Population (December 2002)
- • Total: 151
- • Density: 2.32/km^{2} (6.02/sq mi)
- Time zone: UTC+01:00 (CET)
- • Summer (DST): UTC+02:00 (CEST)
- Postal code: 3996
- SFOS number: 6054
- ISO 3166 code: CH-VS
- Surrounded by: Baceno (IT-VB), Ernen, Formazza (IT-VB), Grengiols, Reckingen-Gluringen
- Twin towns: Urtenen-Schönbühl (Switzerland), Arbon (Switzerland)
- Website: www.binn.ch

= Binn =

Binn (Walser German: Bìi) is a municipality in the district of Goms in the canton of Valais in Switzerland.

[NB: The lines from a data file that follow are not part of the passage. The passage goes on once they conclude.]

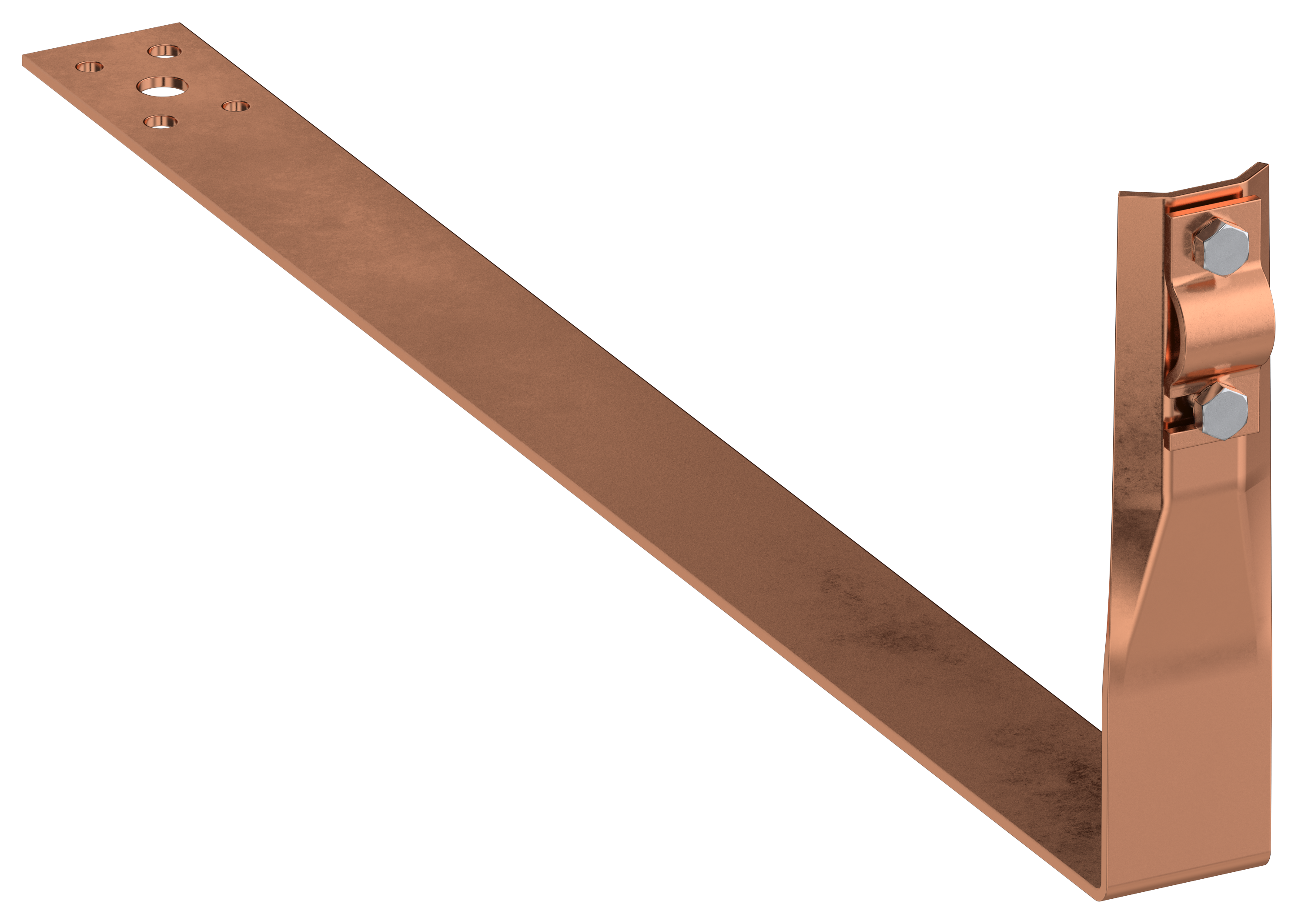 Держатель проводника круглого для черепичной кровли с болтовым зажимом предназначен для закрепления прутка на черепичной, мягкой и шиферной кровле. Держатель крепится к рейкам крыши при помощи метизов. Фиксация проводника происходит при помощи болтового соединения перпендикулярно длинной стороне держателя. Материал корпуса - медь.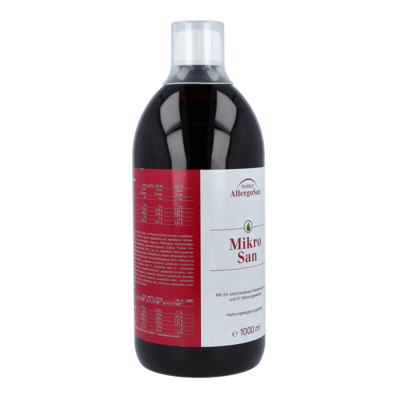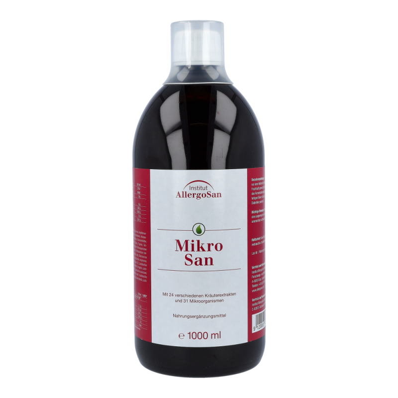 Mikrosan Kräuterkonzentrat reinigt den Darm auf sanfte Weise und verhilft zu seiner gesunden Balance. Durch falsche Ernährung, Stress, Einnahme von Medikamenten und mangelnde Bewegung steht unser Magen-Darmtrakt ständig unter Beschuss. Mikroorganismen sorgen für eine normale Darmfunktion und 24 verschiedenste Pflanzen- und Kräuterarten wirken verdauungsfördernd, entblähend und lindern Beschwerden.
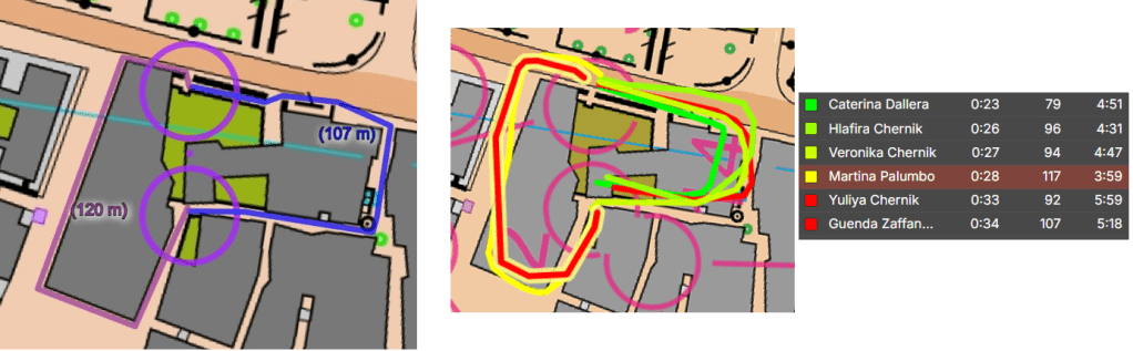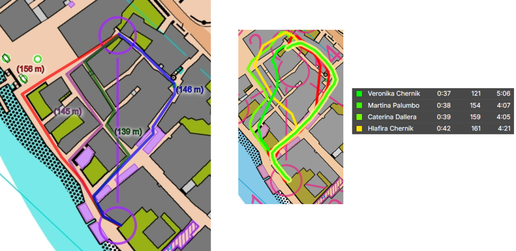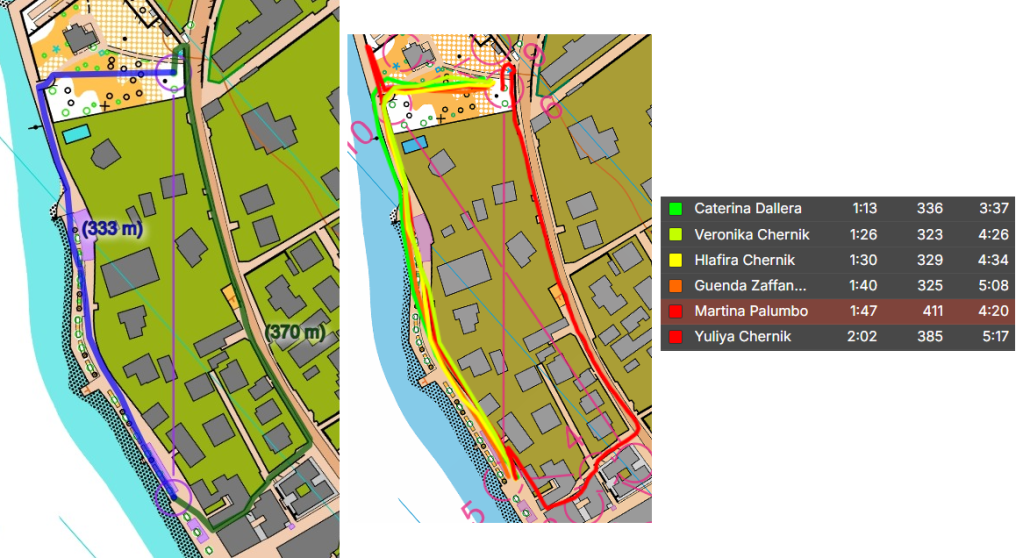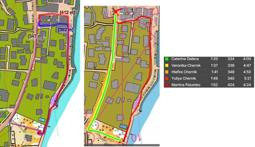 Leg 3 is same as $th leg in mens course, and good route choices here. Martina Palumbo takes the longer options and misses around 5 seconds on this leg: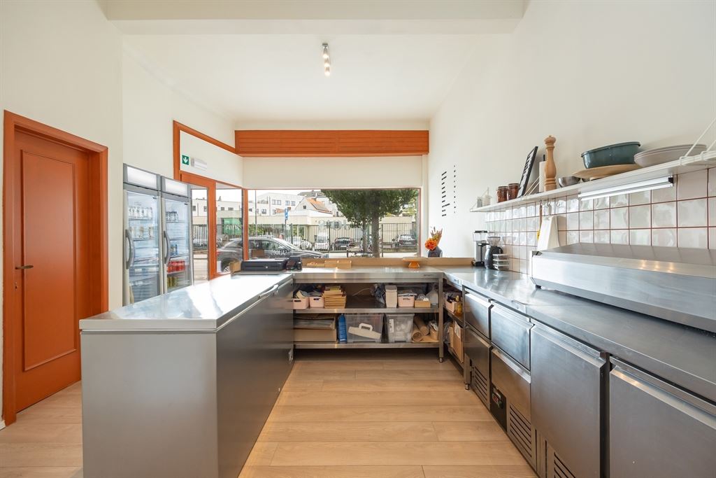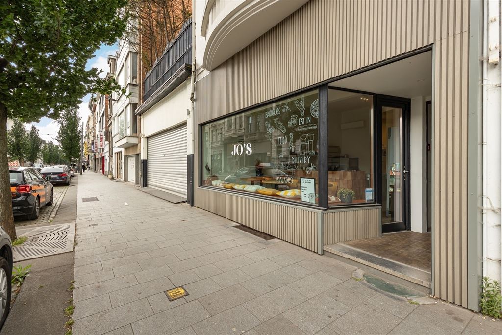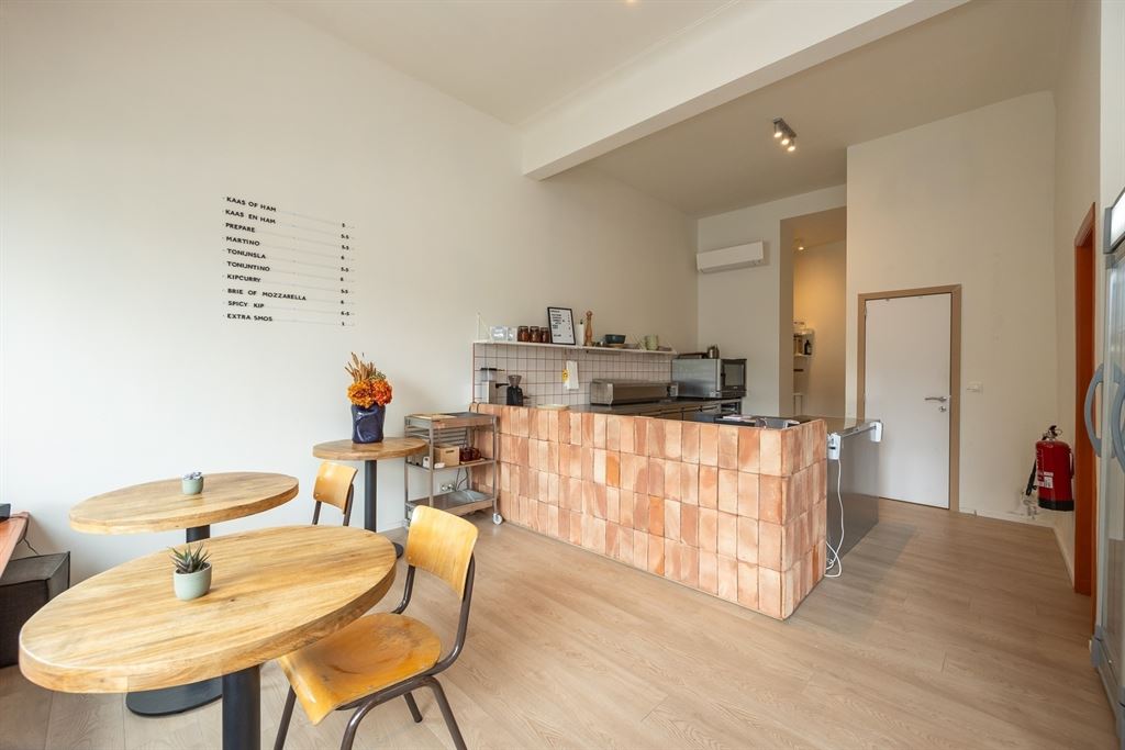 In een kleinschalig, verzorgd gebouw met een charmante gevel, in de Brederodestraat 6, vind je hier op het gelijkvloers deze instapklare zaak, die je zou kunnen omvormen tot kantoor.  Meteen links stap je de handelszaak binnen, waar de elegante, laminaatparket opvalt, net als het licht dat hier mooi binnenstroomt door de brede raampartij. Meteen bij het binnenkomen heb je een ingebouwde zitbank waar het gezellig zitten is. Achter de trendy toog afgewerkt terracottategels bevindt zich de keuken.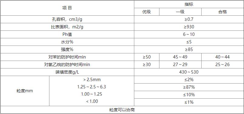 首頁 > 產品知識 防護專用活性炭 字號 + - 本品采用先進生產工藝設備和特殊的工藝條件精制而成的特種浸漬活性炭,外觀為暗黑色柱狀顆粒,具有耐磨強度高,外狀規則,粒度均勻等優點,特別針對不同的應用場所,分別具有較強的催化吸附作用。防護面具專用活性炭,通過生產工藝的孔徑、孔容積控制,提高吸附劑的選擇性、吸附量,使其具有:1.吸附量大、對載入藥品附著力強的特點;2.耐磨損的特點;3.防護能力衰減緩慢的特點。椰殼防護活性炭技術指標應符合下表要求:煤質柱狀防護活性炭技術指標應符合下表要求 適用于各種過濾式防護面具、礦用過濾式自救器干燥劑的載體及濾毒通風裝置。不僅適用于個人防護,還適用于群體防護,同時也話用干各種復雜環境下的氣相吸附,從而實現對相關人吊呼吸系統的保護。
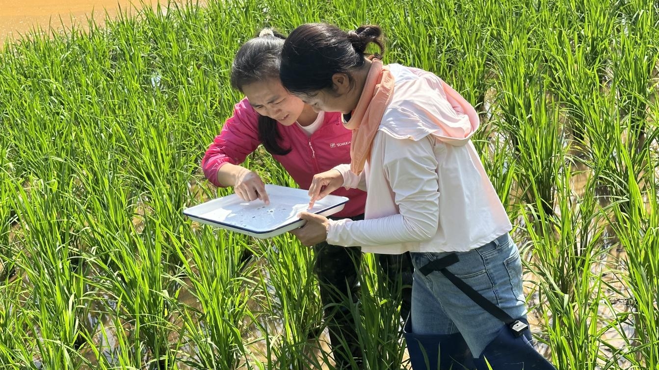 “90后”農技員同“60后”農技員在田間收集蟲情。他們共同踐行“一線工作法”,深入田間地頭,為水稻病蟲害防控筑牢安全底線,保證全縣水稻的豐產增收。同時,農技員堅持增加調查頻率,固定監(jiān)測設備調查和田間普查相結合,準確掌握病蟲發(fā)生動態(tài),及時組織會商,發(fā)布病蟲情報,暢通信息傳遞渠道,并及時將病蟲發(fā)生與防治信息傳遞至農戶。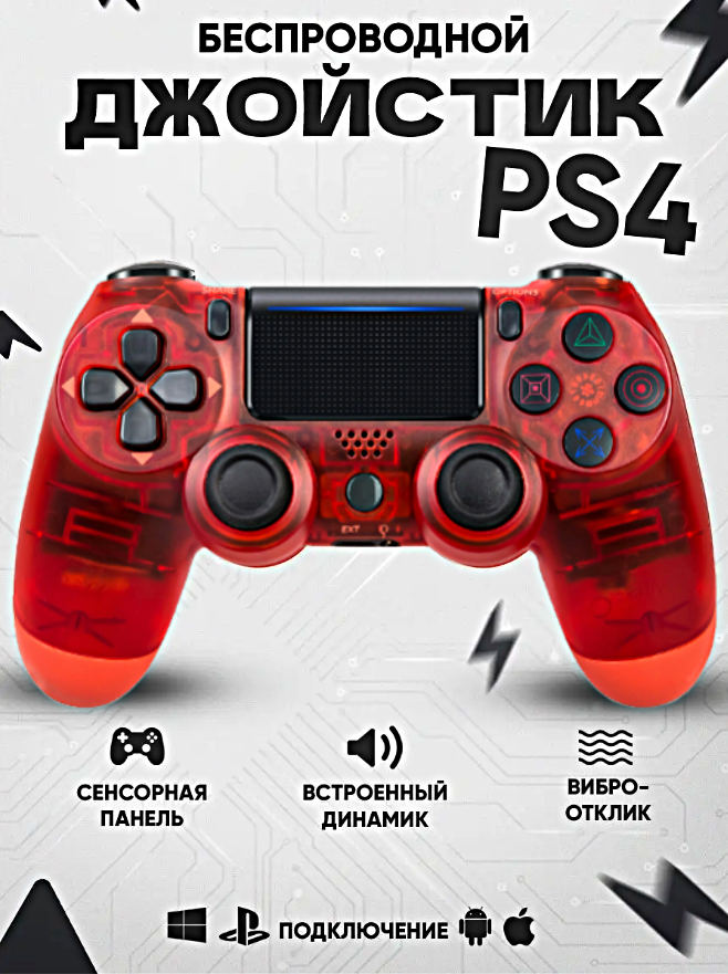 Геймпад для PlayStation 4, Джойстик совместимый с PS4, PC и Mac, устройства Apple, устройства Android, Прозрачный Красный интересное: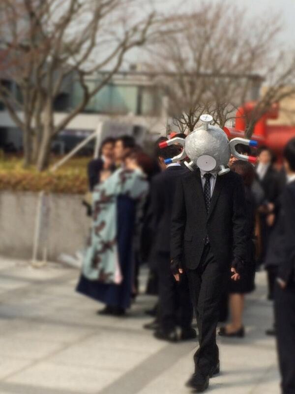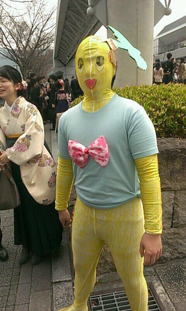 แล้วด้วยความที่มหาวิทยาลัยญี่ปุ่นไม่มีเครื่องแบบนักศึกษา ดังนั้นก็ไม่ได้มีการกำหนดอย่างตายตัวว่าต้องใส่ชุดอะไรในวันรับปริญญา แต่ที่นิยมกันส่วนมากในหมู่นักศึกษาชายก็จะเป็นชุดสูท ส่วนนักศึกษาหญิงก็จะใส่ชุดฮาคามะกันเป็นส่วนมาก แต่ก็จะมีนักศึกษาที่มีไอเดียการแต่งตัวที่ไม่ธรรมดา แหวกแนว ไม่เหมือนใคร ทั้งแต่งตัวเป็นเหล่าซุปเปอร์ฮีโร่ ตัวการ์ตูน หรือแม้แต่แต่งเป็นมนุษย์ต่างดาวมาก็มีนะ ไปดูกันค่ะว่า พวกเขาแต่งกายอย่างไรไปรับปริญญา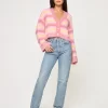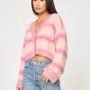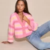 From morning beach walks to chilly nights by the fire, the Daybreak Sweater will be your constant companion as you transition from season to season. This cropped sweater comes in the yummiest shade of striped sherbet hues. Its relaxed silhouette and three buttons combine to make this our go-to cardigan. V neck Ribbed collar and cuffs Faux mohair 50% Acrylic 38% Nylon 12% Alpaca Style # ICNSW25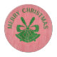 Modern och glam julserveringsbricka har grönt glitter helgdag klockor på rosans bakgrund. anpassadet God jul.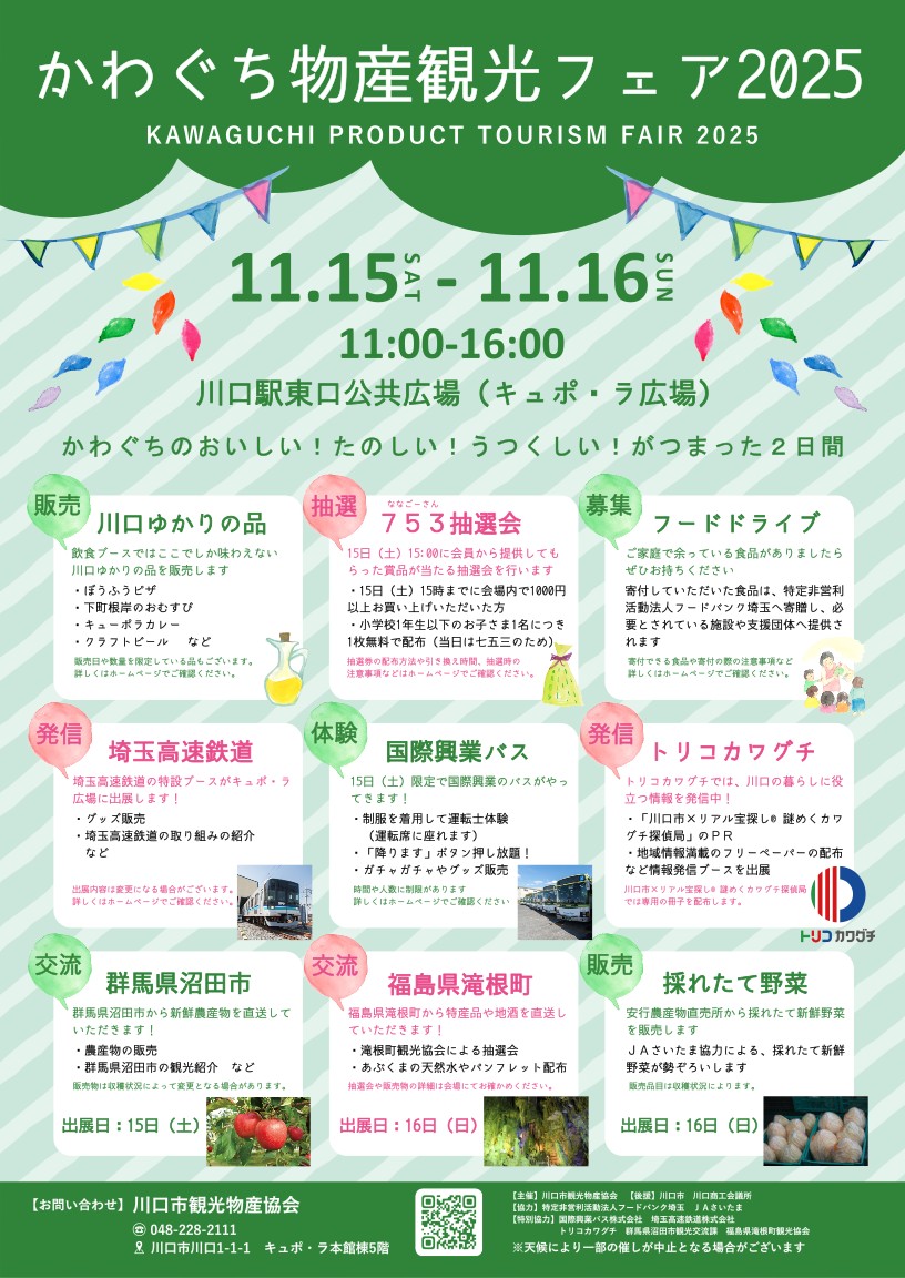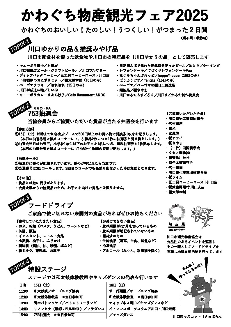 川口市観光物産協会では、「かわぐち物産観光フェア2025」を開催します。

The Binn Valley is known for its rich mineral deposits, some types of which are unique to the area. The notable Lengenbach Quarry is in Binn.

==History==
Binn was first mentioned in 1297 as Buen, Buyn, Bun, and Bondolun.

==Geography==
Binn has an area, As of 2011, of 65 km2. Of this area, 25.7% is used for agricultural purposes, while 16.9% is forested. Of the rest of the land, 0.4% is settled (buildings or roads) and 57.0% is unproductive land.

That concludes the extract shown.